FABP3, a small molecular weight protein, is abundantly expressed in heart and muscle tissues¹⁹. In our previous studies, we reported that FABP3 plays an important role in myocardial infarction and in-stent restenosis^{20, 21}. Moreover, clinical studies have considered FABP3 to be a marker of cardiac ischemic injury, demonstrating that its expression is associated with major adverse cardiac outcomes and recurrent MI^{22, 23, 24, 25, 26}. Emerging articles point to increased FABP3 expression is observed under cardiac hypertrophy, they demonstrate that a tightly control of FABP3 level by IGF-1 and miR-1. Under hypertrophic stimulations, myocardium shifts for higher energy demand which occurs with upregulation of IGF-1 and decline of miR-1, exposure to IGF-1 results to increase FABP3 expression, on the other hand, miR-1 downregulation able release its inhibitory role on FABP3 and eventually, elicit the increase of FABP3 under cardiac hypertrophy¹². In line with these effects, we showed FABP3 was increased under hypertrophic stimulations in vivo and in vitro, moreover, FABP3 deficiency aggravates TAC induced cardiac hypertrophy and heart failure. To the best of our knowledge, this is the first study to explore the role of FABP3 during cardiac hypertrophy.

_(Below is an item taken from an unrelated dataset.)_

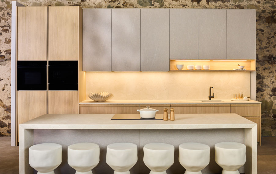 Silent River champions the use of matt finishes and worktops inspired by natural stone, enhanced by gentle curves and rounded forms that soften the overall composition. Open shelving, warm-toned lighting, and thoughtfully placed biophilic elements – such as indoor planting or access to natural daylight – add an airy, uplifting quality to the space. More than a kitchen scheme, Silent River embodies a design philosophy rooted in mindful living, offering retailers, designers, and architects a serene, flexible canvas shaped by timeless materials and calming, nature-led design.

FABP3 can directly bind to cellular insoluble LCFAs and transport them to the mitochondrion, nucleus, or endoplasmic reticulum for utilization¹¹. Notably, single-cells RNA-sequencing research suggested that the increased expression of Fabp3 from embryo to mature cardiomyocytes accounts for the developmental metabolic switch from embryonic glycolysis to postnatal mitochondrial fatty acid oxidation, underscoring its profound effects on fuel preference and cardiac metabolism²⁷. Besides that, the loss- and gain-function of FABP3 in brown adipocytes shows that FABP3 is a determinant of cellular fatty acid oxidation efficiency, brown adipocytes without FABP3 show defective capability to oxidize exogenously supplied fatty acids²⁸. This leads to the intriguing question whether FABP3 participates in the development of cardiac hypertrophy by modulating cardiac metabolic homeostasis, especially the FAO and glucose oxidation processes. Here, we combined multi-omics analyses, such as RNA-seq and metabolomics, to reveal the indispensable role of FABP3 in governing cardiac energy regulatory program by increasing FAO and inhibiting glycolysis under hypertrophic stimuli.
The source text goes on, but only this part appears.